= IP address spoofing =

Creating IP packets using a false IP address

Example scenario of IP address spoofing

In computer networking, IP address spoofing or IP spoofing is the creation of Internet Protocol (IP) packets with a false source IP address, for the purpose of impersonating another computing system.

==Background==
The basic protocol for sending data over the Internet and many other computer networks is the Internet Protocol (IP). The protocol specifies that each IP packet must have a header which contains (among other things) the IP address of the sender of the packet, the source IP address. The source IP address is normally the address that the packet was sent from, but the sender's address in the header can be altered so that, to the recipient, it appears that the packet came from another source.

The protocol requires the receiving computer to send back a response to the source IP address; therefore, spoofing is mainly used when the sender can anticipate the network response or does not care about the response.

The source IP address provides only limited information about the sender. It may provide general information on the region, city and town from which the packet was sent. It does not provide information on the identity of the sender or the computer being used.

==Applications==
IP address spoofing involving the use of a trusted IP address can be used by network intruders to overcome network security measures, such as authentication based on IP addresses. This type of attack is most effective where trust relationships exist between machines. For example, it is common on some corporate networks to have internal systems trust each other, so that users can log in without a username or password, provided they are connecting from another machine on the internal network, which would require them to be already logged in. By spoofing a connection from a trusted machine, an attacker on the same network may be able to access the target machine without authentication.

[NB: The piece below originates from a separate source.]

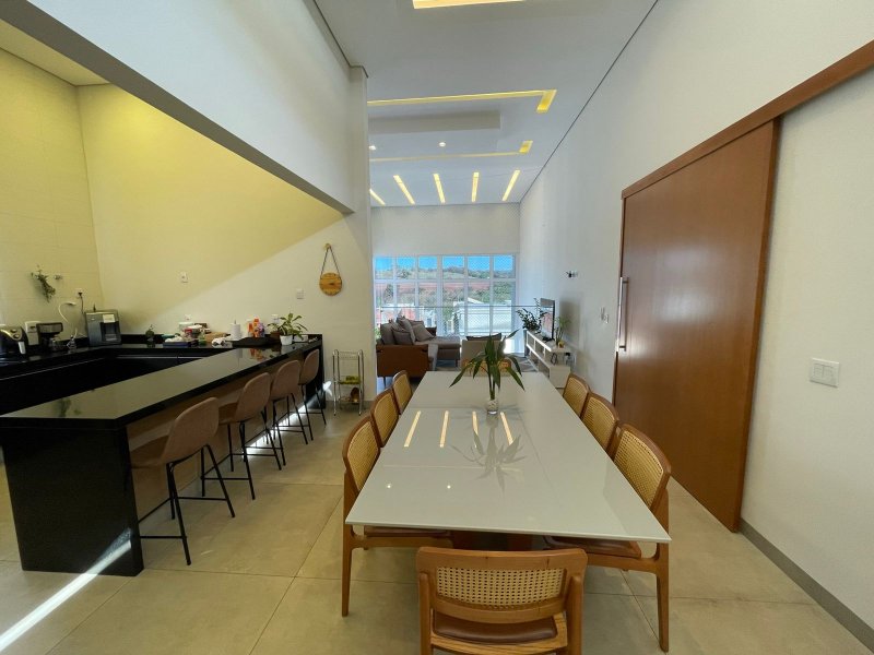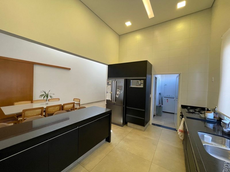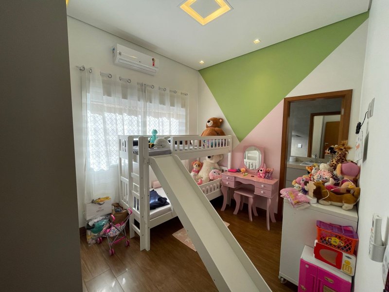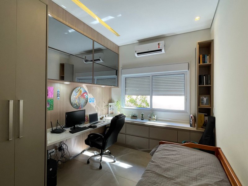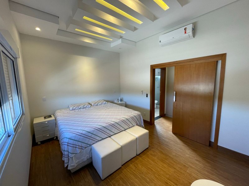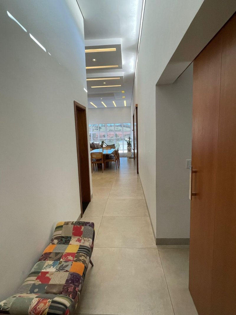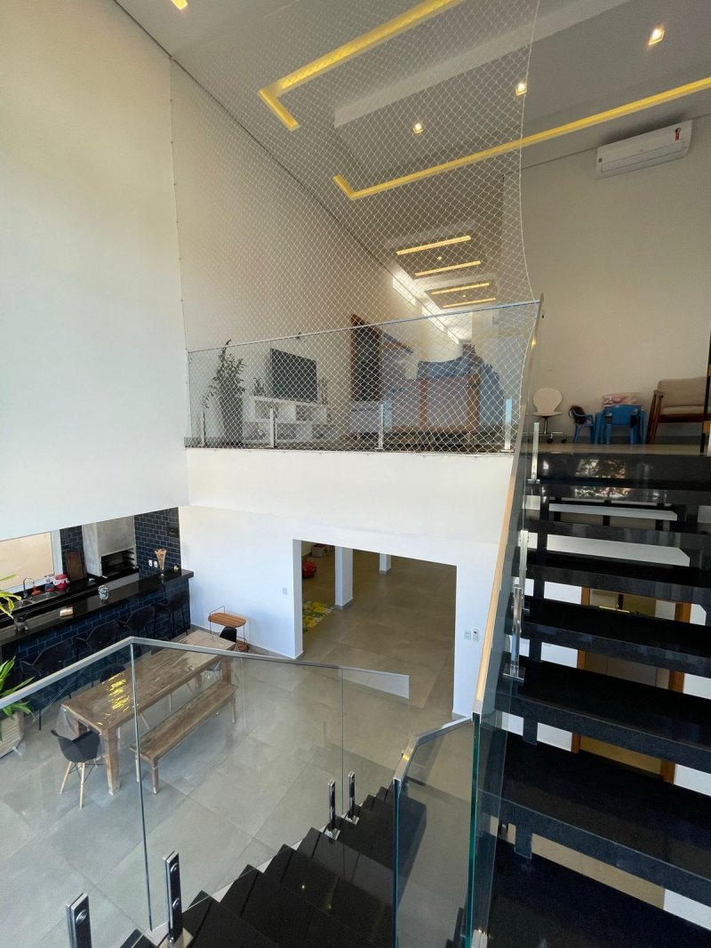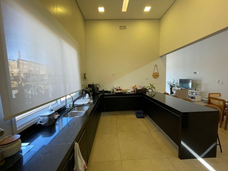Sendo 3 suítes e um escritório reversível para uma 4 suíte - salas 3 ambientes - cozinha completa em armários - despensa - lavanderia - área gourmet com churrasqueira e piscina aquecida - ar condicionado em todos os ambientes - persianas automatizadas - energia fotovoltaica - fosso preparado para elevador - pomar - garagem para 4 carros.

IP address spoofing is most frequently used in denial-of-service attacks, where the objective is to flood the target with an overwhelming volume of traffic, and the attacker does not care about receiving responses to the attack packets. Packets with spoofed IP addresses are more difficult to filter since each spoofed packet appears to come from a different address, and they hide the true source of the attack. Denial-of-service attacks that use spoofing typically randomly choose addresses from the entire IP address space, though more sophisticated spoofing mechanisms might avoid non-routable addresses or unused portions of the IP address space. The proliferation of large botnets makes spoofing less important in denial-of-service attacks, but attackers typically have spoofing available as a tool, if they want to use it, so defenses against denial-of-service attacks that rely on the validity of the source IP address in attack packets might have trouble with spoofed packets.

In DDoS attacks, the attacker may decide to spoof the IP source address to randomly generated addresses, so the victim machine cannot distinguish between the spoofed packets and legitimate packets. The replies would then be sent to random addresses that do not end up anywhere in particular. Such packets-to-nowhere are called the backscatter, and there are network telescopes monitoring backscatter to measure the statistical intensity of DDoS attacks on the internet over time.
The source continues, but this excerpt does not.